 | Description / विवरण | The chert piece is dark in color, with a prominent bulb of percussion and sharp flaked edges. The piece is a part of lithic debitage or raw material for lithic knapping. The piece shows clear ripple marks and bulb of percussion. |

================================

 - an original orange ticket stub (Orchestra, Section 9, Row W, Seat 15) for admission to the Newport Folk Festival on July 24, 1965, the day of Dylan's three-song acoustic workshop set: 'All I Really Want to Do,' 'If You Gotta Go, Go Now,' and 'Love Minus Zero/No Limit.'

================================

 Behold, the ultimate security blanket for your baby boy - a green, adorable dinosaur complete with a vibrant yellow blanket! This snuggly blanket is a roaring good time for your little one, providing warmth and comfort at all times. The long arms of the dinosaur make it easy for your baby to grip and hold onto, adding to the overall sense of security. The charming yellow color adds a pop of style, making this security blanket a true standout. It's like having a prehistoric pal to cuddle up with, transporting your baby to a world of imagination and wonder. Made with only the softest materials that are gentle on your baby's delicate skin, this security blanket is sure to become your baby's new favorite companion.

================================

Assignment: From the records above, pull out every line containing the word "with".

Solution for this task:
 | Description / विवरण | The chert piece is dark in color, with a prominent bulb of percussion and sharp flaked edges. The piece is a part of lithic debitage or raw material for lithic knapping. The piece shows clear ripple marks and bulb of percussion. |
 Behold, the ultimate security blanket for your baby boy - a green, adorable dinosaur complete with a vibrant yellow blanket! This snuggly blanket is a roaring good time for your little one, providing warmth and comfort at all times. The long arms of the dinosaur make it easy for your baby to grip and hold onto, adding to the overall sense of security. The charming yellow color adds a pop of style, making this security blanket a true standout. It's like having a prehistoric pal to cuddle up with, transporting your baby to a world of imagination and wonder. Made with only the softest materials that are gentle on your baby's delicate skin, this security blanket is sure to become your baby's new favorite companion.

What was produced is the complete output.